===== Data below

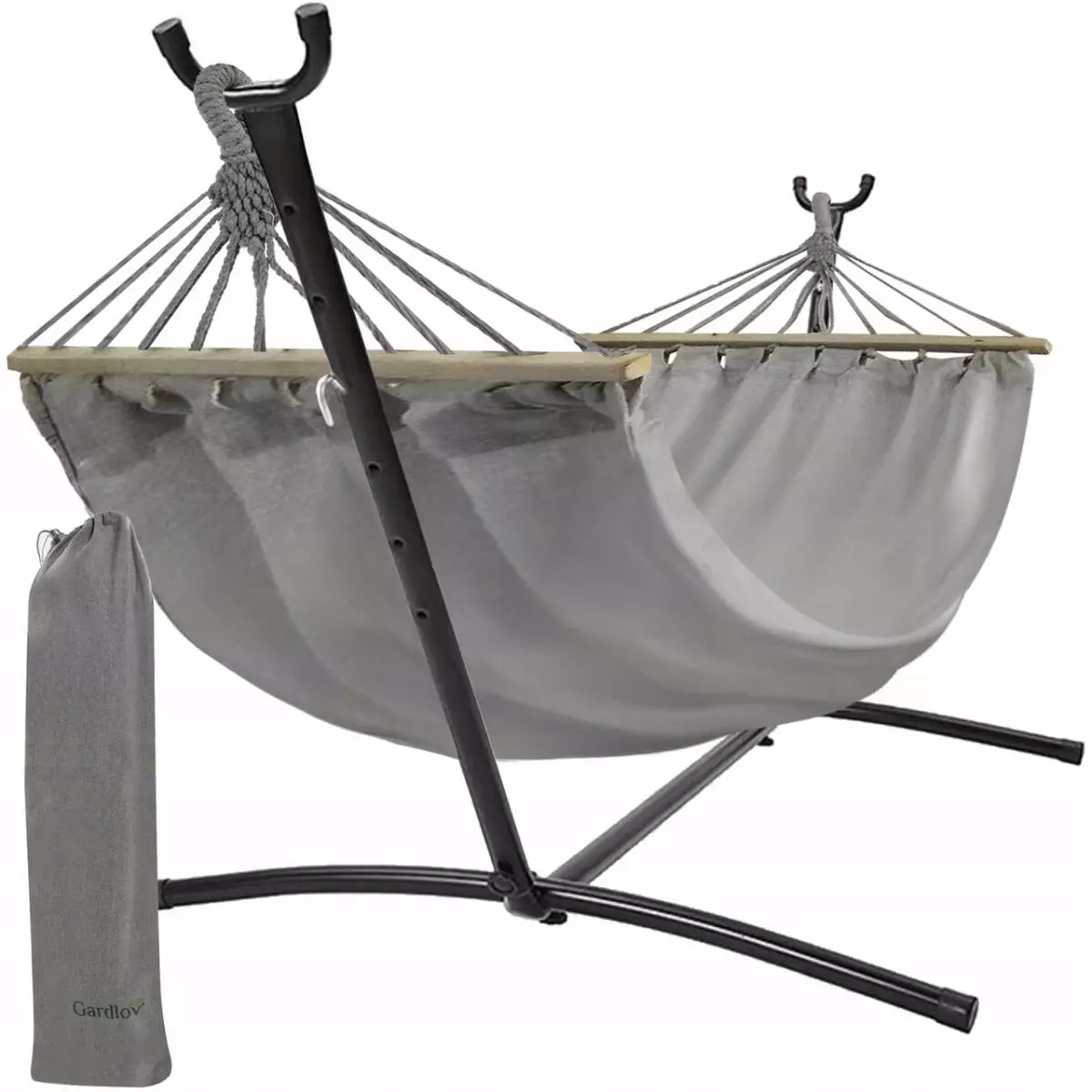 Двомісний садовий гамак на каркасі XXL з дерев'яними перекладинами – до 250 кг Gardlov
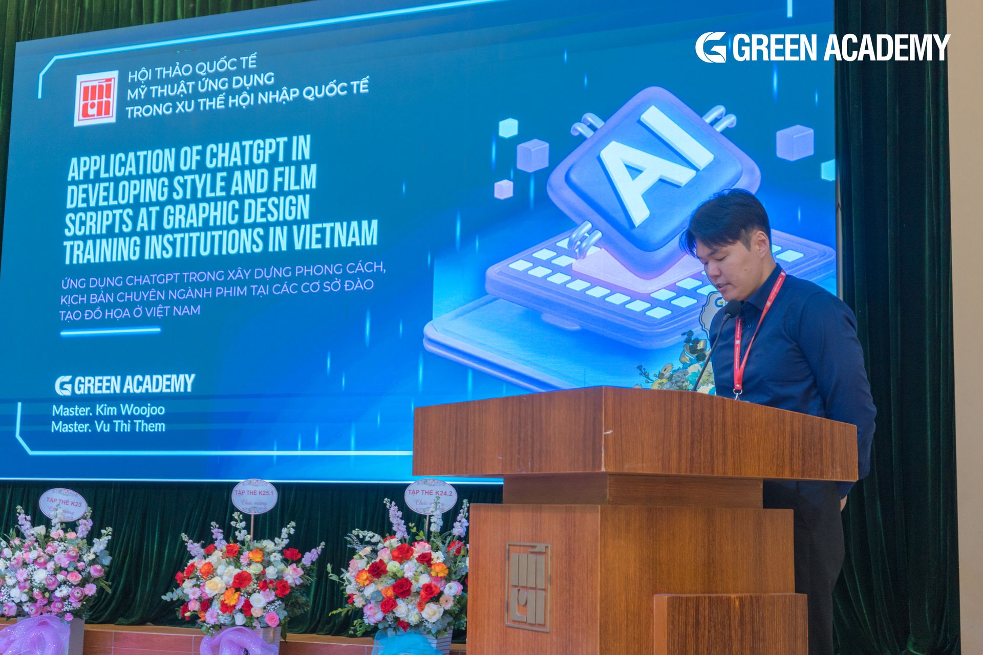 Vinh dự góp mặt trong 5 bài tham luận tại hội thảo, Đại diện Học viện Green Academy có Thạc sĩ Kim Woo Joo – Quản lý Green Academy khu vực Việt Nam và Thạc sĩ
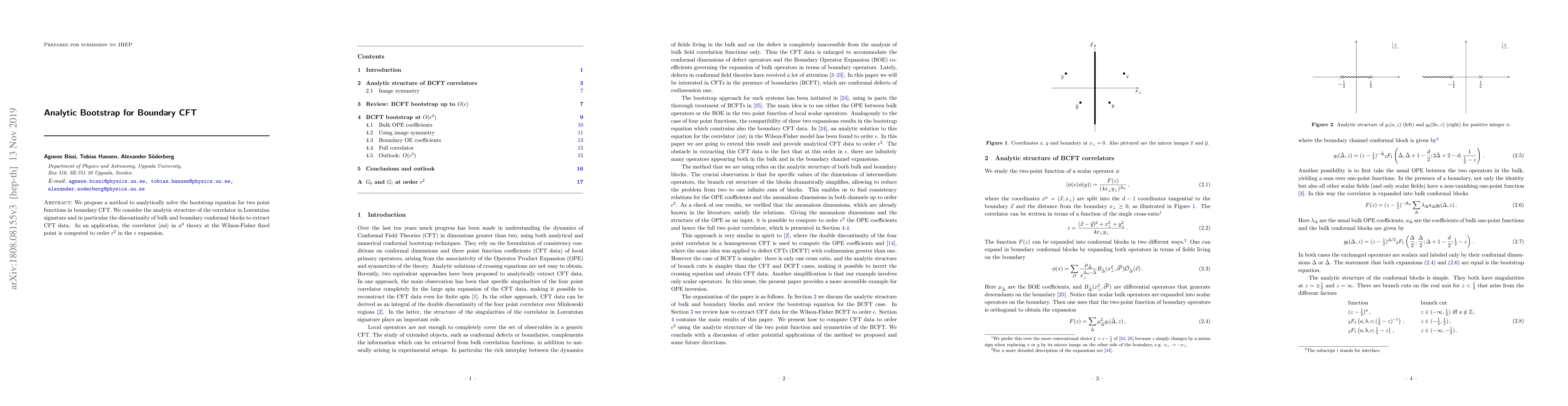 We propose a method to analytically solve the bootstrap equation for two point functions in boundary CFT. We consider the analytic structure of the correlator in Lorentzian signature and in particular the discontinuity of bulk and boundary conformal blocks to extract CFT data. As an application, the correlator $\langle \phi \phi \rangle$ in $\phi^4$ theory at the Wilson-Fisher fixed point is computed to order $\epsilon^2$ in the $\epsilon$ expansion.
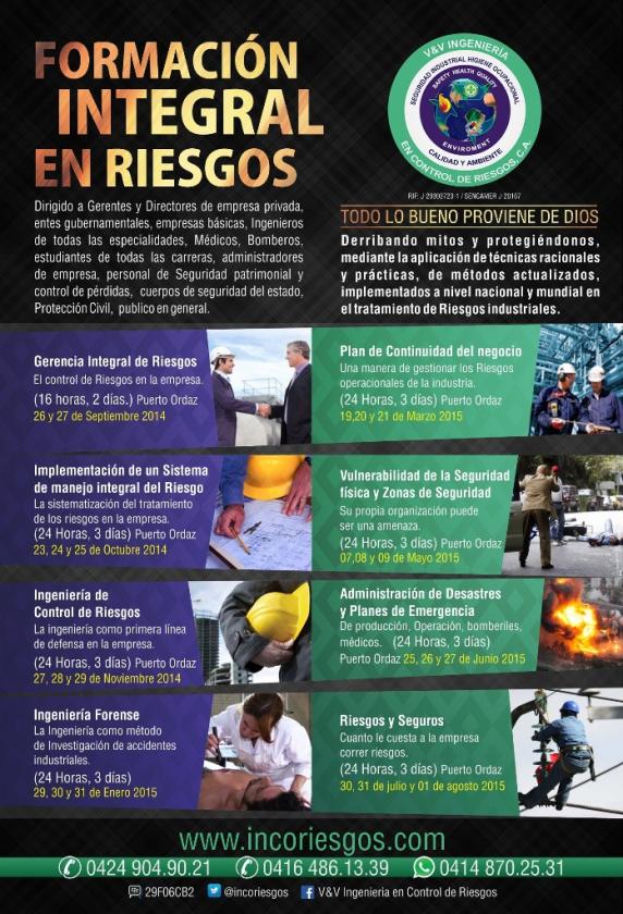 Empresa Nacional Dedicada a la Asesoría y Capacitación en Seguridad Salud Laboral, Ambiente, Evaluacion Ergonomica de Puestos de Trabajo, Atendemos y Asesoramos ordenamientos MINTRA, INPSASEL, MINAMB, BOMBEROS, Ingeniería en Control de Riesgos, Puerto Ordaz-Venezuela, Laboramos en todo el Territorio Nacional.

==========

Activity:
The data above should be repeated exactly, minus any pictures.

Expected answer:
 Двомісний садовий гамак на каркасі XXL з дерев'яними перекладинами – до 250 кг Gardlov
 Vinh dự góp mặt trong 5 bài tham luận tại hội thảo, Đại diện Học viện Green Academy có Thạc sĩ Kim Woo Joo – Quản lý Green Academy khu vực Việt Nam và Thạc sĩ
 We propose a method to analytically solve the bootstrap equation for two point functions in boundary CFT. We consider the analytic structure of the correlator in Lorentzian signature and in particular the discontinuity of bulk and boundary conformal blocks to extract CFT data. As an application, the correlator $\langle \phi \phi \rangle$ in $\phi^4$ theory at the Wilson-Fisher fixed point is computed to order $\epsilon^2$ in the $\epsilon$ expansion.
 Empresa Nacional Dedicada a la Asesoría y Capacitación en Seguridad Salud Laboral, Ambiente, Evaluacion Ergonomica de Puestos de Trabajo, Atendemos y Asesoramos ordenamientos MINTRA, INPSASEL, MINAMB, BOMBEROS, Ingeniería en Control de Riesgos, Puerto Ordaz-Venezuela, Laboramos en todo el Territorio Nacional.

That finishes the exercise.